EXERCISE REQUIREMENTS: Word for word, restate the listing; omit the pictures.
═══ RECORDED DATA
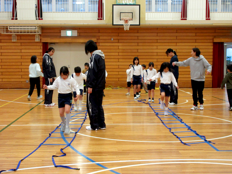 体験会では、まずウォーミングアップとして、鬼ごっこやラダートレーニング(ひも状のはしごを使用したトレーニング)、大縄跳びを行いました。学生は鬼ごっこの鬼役を務めたり、大縄跳びの縄を回したりしながら、子どもたちと一緒に体を動かしました。
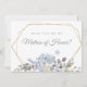 Kommer du att bli min Matron med hedersbevis? Romantiska vattenfärgsdammiga blå blommigtar och löv på guld geometriska ram. Denna elegant moderna botaniska utformning är perfekt för vår och sommar-bröllop.
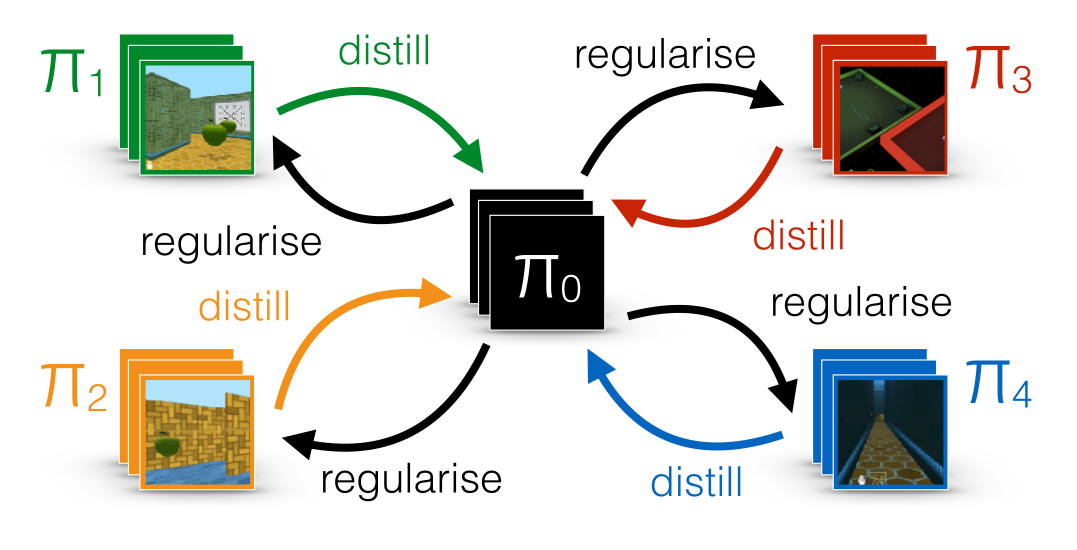 Each learning algorithms learns its own task, but tries not to diverge too much from a shared policy, which turns out to be good at all tasks.
══════
RESPONSE AREA:
 体験会では、まずウォーミングアップとして、鬼ごっこやラダートレーニング(ひも状のはしごを使用したトレーニング)、大縄跳びを行いました。学生は鬼ごっこの鬼役を務めたり、大縄跳びの縄を回したりしながら、子どもたちと一緒に体を動かしました。
 Kommer du att bli min Matron med hedersbevis? Romantiska vattenfärgsdammiga blå blommigtar och löv på guld geometriska ram. Denna elegant moderna botaniska utformning är perfekt för vår och sommar-bröllop.
 Each learning algorithms learns its own task, but tries not to diverge too much from a shared policy, which turns out to be good at all tasks.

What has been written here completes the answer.